#### Exercise instructions:
Your task is to copy the stretch of lines in the records below that begins with the line containing "In a scene from" and ends with the line containing "(dec) & Peter | |", exactly as written, with nothing added.

#### Task input:

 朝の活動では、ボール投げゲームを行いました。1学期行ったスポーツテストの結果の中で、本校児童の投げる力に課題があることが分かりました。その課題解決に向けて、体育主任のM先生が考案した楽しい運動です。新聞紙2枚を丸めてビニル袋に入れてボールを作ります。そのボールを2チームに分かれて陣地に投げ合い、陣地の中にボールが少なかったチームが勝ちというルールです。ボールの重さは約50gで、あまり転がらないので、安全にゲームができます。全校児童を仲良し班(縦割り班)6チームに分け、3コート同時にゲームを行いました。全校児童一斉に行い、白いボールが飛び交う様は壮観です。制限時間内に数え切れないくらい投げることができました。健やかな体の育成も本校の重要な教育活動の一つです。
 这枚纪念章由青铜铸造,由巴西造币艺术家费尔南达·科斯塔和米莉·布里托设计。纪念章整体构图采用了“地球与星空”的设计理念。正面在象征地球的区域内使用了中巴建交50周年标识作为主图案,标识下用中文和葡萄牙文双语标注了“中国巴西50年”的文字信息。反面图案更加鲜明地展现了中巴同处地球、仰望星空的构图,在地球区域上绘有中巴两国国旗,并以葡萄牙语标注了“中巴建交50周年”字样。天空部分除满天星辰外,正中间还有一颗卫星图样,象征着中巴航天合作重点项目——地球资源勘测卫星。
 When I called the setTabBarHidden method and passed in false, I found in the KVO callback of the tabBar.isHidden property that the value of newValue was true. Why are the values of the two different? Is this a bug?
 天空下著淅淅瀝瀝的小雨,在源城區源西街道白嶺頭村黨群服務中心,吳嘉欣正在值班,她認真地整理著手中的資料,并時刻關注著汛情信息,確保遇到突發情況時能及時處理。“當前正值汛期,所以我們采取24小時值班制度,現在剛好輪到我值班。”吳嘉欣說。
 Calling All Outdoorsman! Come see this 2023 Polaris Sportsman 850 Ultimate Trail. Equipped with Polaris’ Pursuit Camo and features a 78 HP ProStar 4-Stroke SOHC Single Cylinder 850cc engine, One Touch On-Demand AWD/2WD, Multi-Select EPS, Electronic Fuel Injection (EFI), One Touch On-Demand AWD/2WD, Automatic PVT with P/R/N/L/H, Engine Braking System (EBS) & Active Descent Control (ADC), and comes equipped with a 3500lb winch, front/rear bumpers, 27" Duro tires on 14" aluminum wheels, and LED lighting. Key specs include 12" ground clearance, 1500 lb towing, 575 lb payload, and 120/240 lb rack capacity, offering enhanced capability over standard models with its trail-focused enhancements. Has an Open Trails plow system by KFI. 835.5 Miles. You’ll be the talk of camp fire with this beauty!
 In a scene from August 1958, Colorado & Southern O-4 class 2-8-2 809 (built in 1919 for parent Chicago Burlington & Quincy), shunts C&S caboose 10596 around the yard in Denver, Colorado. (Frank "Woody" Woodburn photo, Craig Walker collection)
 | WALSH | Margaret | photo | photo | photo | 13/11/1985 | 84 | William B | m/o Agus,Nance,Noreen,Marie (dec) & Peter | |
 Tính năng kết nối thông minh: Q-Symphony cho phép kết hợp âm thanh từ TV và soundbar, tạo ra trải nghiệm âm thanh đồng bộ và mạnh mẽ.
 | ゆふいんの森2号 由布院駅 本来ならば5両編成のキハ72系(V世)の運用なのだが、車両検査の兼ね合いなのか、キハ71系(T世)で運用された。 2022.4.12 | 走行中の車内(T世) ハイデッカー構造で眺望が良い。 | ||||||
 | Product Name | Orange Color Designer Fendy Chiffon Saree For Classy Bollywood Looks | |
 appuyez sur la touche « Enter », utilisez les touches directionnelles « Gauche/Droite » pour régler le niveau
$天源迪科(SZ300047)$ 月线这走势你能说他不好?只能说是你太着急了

#### Written response:
 In a scene from August 1958, Colorado & Southern O-4 class 2-8-2 809 (built in 1919 for parent Chicago Burlington & Quincy), shunts C&S caboose 10596 around the yard in Denver, Colorado. (Frank "Woody" Woodburn photo, Craig Walker collection)
 | WALSH | Margaret | photo | photo | photo | 13/11/1985 | 84 | William B | m/o Agus,Nance,Noreen,Marie (dec) & Peter | |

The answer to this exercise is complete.